Investigate on new installation getting broken…? Not clear what was the issue.
CLIC:
- File Copy issue from castor to eos
- The workaround in DIRAC needed for bug in xrootd should be fixed in xroot 5
- https://github.com/DIRACGrid/DIRAC/blob/13678e875138599a43f8898b63a91970f5a8b7f4/Resources/Storage/GFAL2_XROOTStorage.py#L81-L99
- https://github.com/xrootd/xrootd/issues/992
- (Not just for this issue) would be good to test Xroot5 RC2 https://github.com/DIRACGrid/DIRACOS/issues/136
- (iLC)Dirac with DiracOS v1r11: can use emacs after sourcing bashrc
LHCb:
v7r0 is in production since Monday, also with Pilot3. Pilot files taken from the web portal: not the most ideal of solutions, but looks like working fine.
France Grilles:
NTR
EGI:
The connection to OSG is working fine. COVID-19 researches with that, running smoothly.
Belle2:
Migration to v6r22. Long certification process of Belle2 is slowing things down there.
Nica:
DIRAC v7r0p20 in production. Environment isolation issues -> suggested to move to v7r0p22 as it at least uses DIRACOS v1r11.

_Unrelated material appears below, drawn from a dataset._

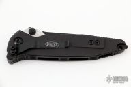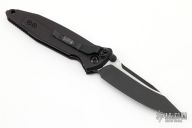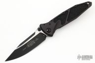 This Socom Elite from Microtech has a black/satin blade with dual thumbstuds and notched thumbrest. The handle has a black aluminum frame with non-slip rubber inserts and a tip down stainless steel clip, black hardware. Dated 11/2018 and S/N 3121. Includes original box and paperwork. Excellent Condition.
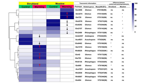 注:右图显示了各生境中对照和增温处理的AMF系统型相对丰度的差异。

Some issues with EOS based WebServers -> suggested to open tickets and put LHCb crew in CC for next cases.
Current situation
DIRAC
- v6r22:
- v6r22p26 was buggy (issue with TS)
- v6r22p27 has been created that fixes the above and introduce efficiency plots.
- v7r0:
- v7r0p22: only documentation added
- uses DIRACOSv1r11
- v7r0p22: only documentation added
- v7r1:
- v7r1 created, but not announced yet, it will be done today.
WebApp:
NTR
Pilot3:
NTR
DIRACOS:
v1r11 included in DIRAC v7r1 and v7r0p22+
VM:
NTR
Documentation
diracdoctools made python3 compatible.
Slowly moving documentation for options of services and agents in the ConfigTemplate.cfg. Not touching FrameworkSystem right now.
OAuth2:
Main topic for v7r2. The extension will be merged in DIRAC.
tornado, M2Crypto and other externals
NTR
management
NTR
diraccfg
NTR
Release planning, tests and certification
Release planning:
- v6r22 series
- NTR
- v7r0 series
- NTR
- v7r1 series
- NTR
- v7r2 series
- see below
Certification process:
- Jenkins instance: re-enable tests for JSON encoding
- Use MySQL 8 for DIRAC certification
- ES version for DIRAC certification: still stick to 6
Weekly development(s) focus
v7r2 content:
Already there, or PRs ready:
- GSOC students work:
- already merged:
- RSS changes (database level). Main PR: https://github.com/DIRACGrid/DIRAC/pull/4121
- Add ES monitoring support to service and agent. Main PR: https://github.com/DIRACGrid/DIRAC/pull/4120
- PRs:
- https://github.com/DIRACGrid/DIRAC/pull/4221 (performance tests with Locust and Taurus) can be merged
- https://github.com/DIRACGrid/DIRAC/pull/4209 (Add ES Monitoring support to RMS) is probably still valid. The PR should be closed and re-done (Chris?), keeping the user’s commits
- already merged:
- remove pyGSI (from DIRAC)
- we can leave it in DIRACOS
- add Histogram support (https://github.com/DIRACGrid/DIRAC/pull/4497)
- MySQL 8 full support
- ThreadPool - replaced by ThreadPoolExecutor --> flip the flag, make TheadPoolExecutor the default
Requiring work:
-
merge OAuth2 in DIRAC
- include Web
-
JSON encoding
-
Remove Pilot2 code
-
Part of WebApp Core code needs to be moved to DIRAC
- Chris: why not pushing instead for native https in DIRAC?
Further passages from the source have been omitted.